Confined to our four walls during this lockdown, relationships can often times turn sour, especially if you are living with in-laws or extended family members in the same home. It’s really tough to maintain a peaceful home if you can’t see eye to eye on certain issues. It is usually the small little issues that irritate both parties… how often to clean the bathroom, how much screen time your children is allowed to have, differing opinions on what kind of food is considered healthy… the list can be endless.

Depending on your personality type, you might either try to sweep issues under the carpet to maintain a false sense of peace or face the person head-on in a verbal battle. Either way, the problem never gets resolved well. When confronted, our brains are wired to either fight or flee. Hurling blame and accusations cause a lot of hurt, which brings up a defensive front. If you find yourself in this situation, pause and reflect.

  • Does my response make this situation better or worse?
  • If I am unable to deal with my emotions during a conflict, what are ways that can help me manage this situation better?
  • Am I being reasonable?
  • How can I communicate my perspective without attacking the person’s character?
  • What might this person be thinking and feeling?
  • Can I see things from their perspective in order to understand them better?

You might want to consider the following ways of dealing with conflict:

  • Write a letter if speaking directly is too difficult for you
  • Invite the affected party for a conversation when both sides are emotionally calm
  • Invite the person to share his or her perspective without interrupting
  • Listen without judgement
  • Share your thoughts without using accusatory words.
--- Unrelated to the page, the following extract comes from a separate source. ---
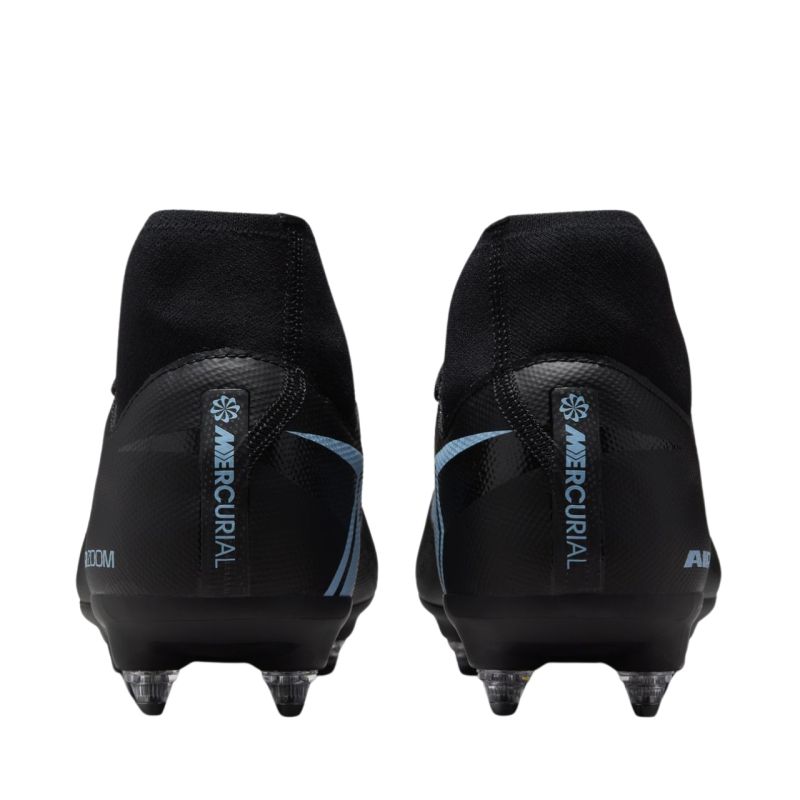 Buty piłkarskie Nike Zoom Mercurial Superfly 10 Academy SG-Pro AC FQ8336 001 Męskie buty piłkarskie z kolekcji Shadow Pack sprawdzą się podczas treningów na mokrych, błotnistych boiskach. Syntetyczna cholewka wykończona delikatną fakturą NikeSkin. Dzianinowy język w połączeniu z kołnierzem Dynamic Fit miękko otula stopę. Poduszka gazowa Zoom Air znajdująca się w podeszwie zewnętrznej zapewnia dodatkowy poziom sprężystości pod stopami. Falisty wzór bieżnika utworzony przez kaskadowo rozmieszczone korki. Oprócz falistego bieżnika użyte zostały też korki w kształcie litery V i ostrza, które ułatwiają zatrzymywanie się podczas dynamicznych zwrotów. Zastosowane w tej wersji rozwiązanie Anti-Clog Traction w płytce podeszwy chroni przed przywieraniem błota.

Instead of “”You did this…”” say, “”It made me feel upset when this happened””
  • Admit your mistakes and say sorry, even if you are not fully responsible for the conflict

Learning how to communicate our thoughts in a constructive way and listening to the other person’s perspective without judgement is a skill we all need to learn. It takes practice before we can improve. Often times, we think the other person is the one who is in the wrong, but if we just learn to listen, we can perhaps develop some empathy that will help ease the situation. And then perhaps, a compromising solution may just be around the corner.